# [Task objective]
Beginning with the line that contains "The sample role", retype the entries below exactly, ending with the line that contains "In October of". Leave out any pictures.

##### Available data

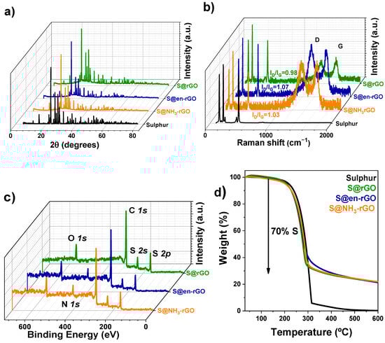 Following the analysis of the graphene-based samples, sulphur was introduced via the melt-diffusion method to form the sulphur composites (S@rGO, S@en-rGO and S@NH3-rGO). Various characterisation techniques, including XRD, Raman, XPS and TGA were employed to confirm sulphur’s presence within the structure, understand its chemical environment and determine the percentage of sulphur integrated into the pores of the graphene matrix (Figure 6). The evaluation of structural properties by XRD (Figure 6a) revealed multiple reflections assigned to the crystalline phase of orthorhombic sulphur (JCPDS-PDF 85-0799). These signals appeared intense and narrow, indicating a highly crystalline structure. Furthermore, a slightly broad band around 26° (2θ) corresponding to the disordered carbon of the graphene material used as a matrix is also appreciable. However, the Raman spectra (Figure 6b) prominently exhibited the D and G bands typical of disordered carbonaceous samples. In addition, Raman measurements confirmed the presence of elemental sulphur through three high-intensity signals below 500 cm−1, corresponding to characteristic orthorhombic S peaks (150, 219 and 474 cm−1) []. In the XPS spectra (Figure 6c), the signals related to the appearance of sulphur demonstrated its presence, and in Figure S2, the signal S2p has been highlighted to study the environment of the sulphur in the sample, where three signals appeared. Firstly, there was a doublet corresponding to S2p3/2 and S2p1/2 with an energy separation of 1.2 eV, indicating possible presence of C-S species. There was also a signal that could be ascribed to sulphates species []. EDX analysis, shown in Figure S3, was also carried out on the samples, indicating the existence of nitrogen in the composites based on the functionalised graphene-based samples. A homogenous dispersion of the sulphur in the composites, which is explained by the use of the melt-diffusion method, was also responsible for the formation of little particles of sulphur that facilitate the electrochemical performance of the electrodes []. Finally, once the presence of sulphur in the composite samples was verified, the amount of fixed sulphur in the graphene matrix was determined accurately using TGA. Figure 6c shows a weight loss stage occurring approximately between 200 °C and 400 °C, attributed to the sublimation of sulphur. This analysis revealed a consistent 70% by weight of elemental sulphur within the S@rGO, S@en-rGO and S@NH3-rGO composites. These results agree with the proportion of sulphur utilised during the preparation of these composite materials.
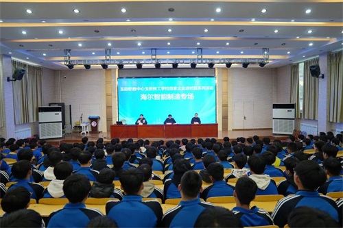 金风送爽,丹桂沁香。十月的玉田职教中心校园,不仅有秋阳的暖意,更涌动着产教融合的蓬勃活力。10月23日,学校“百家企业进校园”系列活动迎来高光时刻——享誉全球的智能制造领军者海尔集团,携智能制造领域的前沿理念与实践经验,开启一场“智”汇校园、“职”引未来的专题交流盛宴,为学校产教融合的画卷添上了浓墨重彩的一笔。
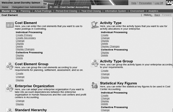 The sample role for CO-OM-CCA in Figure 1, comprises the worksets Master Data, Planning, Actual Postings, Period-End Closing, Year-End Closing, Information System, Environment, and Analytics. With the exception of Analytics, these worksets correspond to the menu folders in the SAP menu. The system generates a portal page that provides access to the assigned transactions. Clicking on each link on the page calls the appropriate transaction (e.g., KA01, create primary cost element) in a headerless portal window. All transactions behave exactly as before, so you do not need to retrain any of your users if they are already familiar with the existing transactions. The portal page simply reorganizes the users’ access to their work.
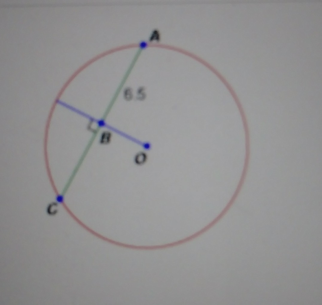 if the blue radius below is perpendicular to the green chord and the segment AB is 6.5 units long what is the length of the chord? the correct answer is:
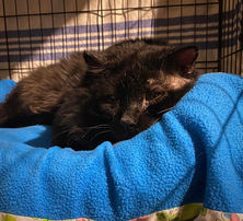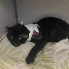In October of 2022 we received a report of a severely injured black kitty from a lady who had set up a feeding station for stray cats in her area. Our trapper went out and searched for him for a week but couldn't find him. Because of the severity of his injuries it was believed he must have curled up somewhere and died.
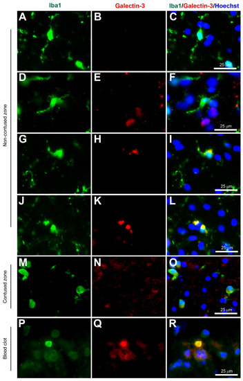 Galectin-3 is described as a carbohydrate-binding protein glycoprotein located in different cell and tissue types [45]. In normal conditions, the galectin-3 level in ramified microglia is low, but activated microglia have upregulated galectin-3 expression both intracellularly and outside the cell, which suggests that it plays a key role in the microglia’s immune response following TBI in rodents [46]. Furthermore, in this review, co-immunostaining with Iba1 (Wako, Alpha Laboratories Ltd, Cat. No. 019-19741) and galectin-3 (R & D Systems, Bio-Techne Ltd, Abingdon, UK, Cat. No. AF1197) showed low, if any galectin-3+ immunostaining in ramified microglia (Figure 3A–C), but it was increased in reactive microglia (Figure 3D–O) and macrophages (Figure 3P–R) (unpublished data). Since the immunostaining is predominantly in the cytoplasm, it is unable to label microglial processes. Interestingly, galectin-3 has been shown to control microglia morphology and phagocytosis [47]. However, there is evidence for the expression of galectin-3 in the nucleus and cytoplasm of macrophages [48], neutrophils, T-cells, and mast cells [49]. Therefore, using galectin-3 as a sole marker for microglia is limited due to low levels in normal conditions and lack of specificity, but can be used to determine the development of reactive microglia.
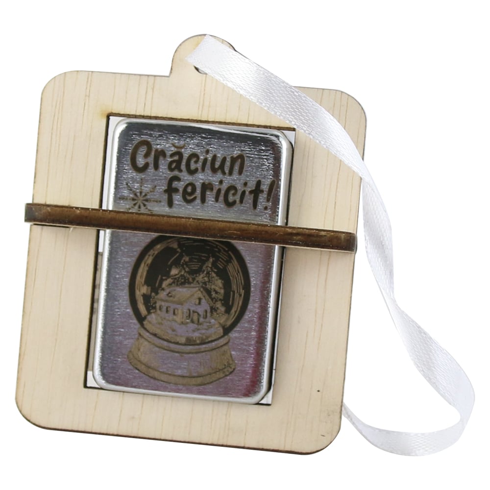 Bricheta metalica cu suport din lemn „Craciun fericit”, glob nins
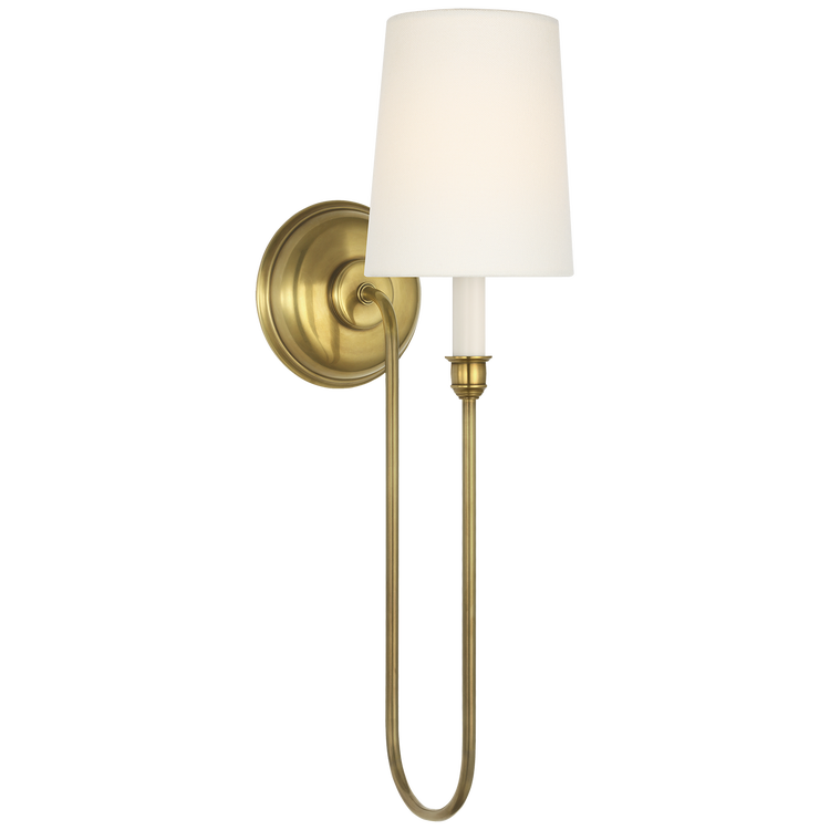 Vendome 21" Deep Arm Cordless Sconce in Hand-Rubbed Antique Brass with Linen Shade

##########
##### Available data

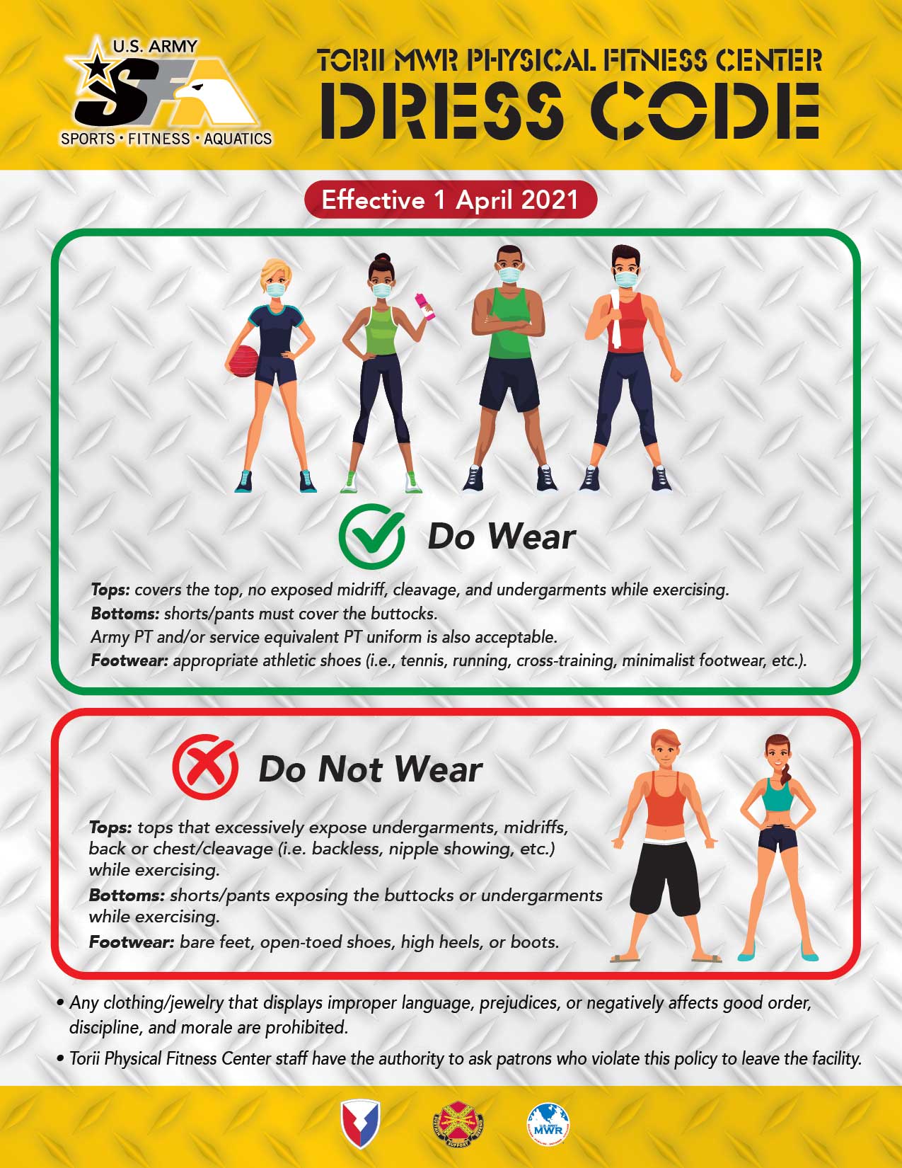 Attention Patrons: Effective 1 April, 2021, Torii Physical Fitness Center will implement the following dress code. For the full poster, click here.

##########
##### Available data

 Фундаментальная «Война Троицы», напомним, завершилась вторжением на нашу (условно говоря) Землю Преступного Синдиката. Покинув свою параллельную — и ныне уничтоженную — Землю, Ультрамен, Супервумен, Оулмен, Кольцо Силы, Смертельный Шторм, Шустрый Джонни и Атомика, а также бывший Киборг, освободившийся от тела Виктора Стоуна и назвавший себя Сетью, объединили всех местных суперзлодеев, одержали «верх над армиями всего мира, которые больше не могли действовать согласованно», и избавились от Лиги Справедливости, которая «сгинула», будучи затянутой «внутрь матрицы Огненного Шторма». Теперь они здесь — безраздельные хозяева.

##########

# [Task answer]
 The sample role for CO-OM-CCA in Figure 1, comprises the worksets Master Data, Planning, Actual Postings, Period-End Closing, Year-End Closing, Information System, Environment, and Analytics. With the exception of Analytics, these worksets correspond to the menu folders in the SAP menu. The system generates a portal page that provides access to the assigned transactions. Clicking on each link on the page calls the appropriate transaction (e.g., KA01, create primary cost element) in a headerless portal window. All transactions behave exactly as before, so you do not need to retrain any of your users if they are already familiar with the existing transactions. The portal page simply reorganizes the users’ access to their work.
 if the blue radius below is perpendicular to the green chord and the segment AB is 6.5 units long what is the length of the chord? the correct answer is:
In October of 2022 we received a report of a severely injured black kitty from a lady who had set up a feeding station for stray cats in her area. Our trapper went out and searched for him for a week but couldn't find him. Because of the severity of his injuries it was believed he must have curled up somewhere and died.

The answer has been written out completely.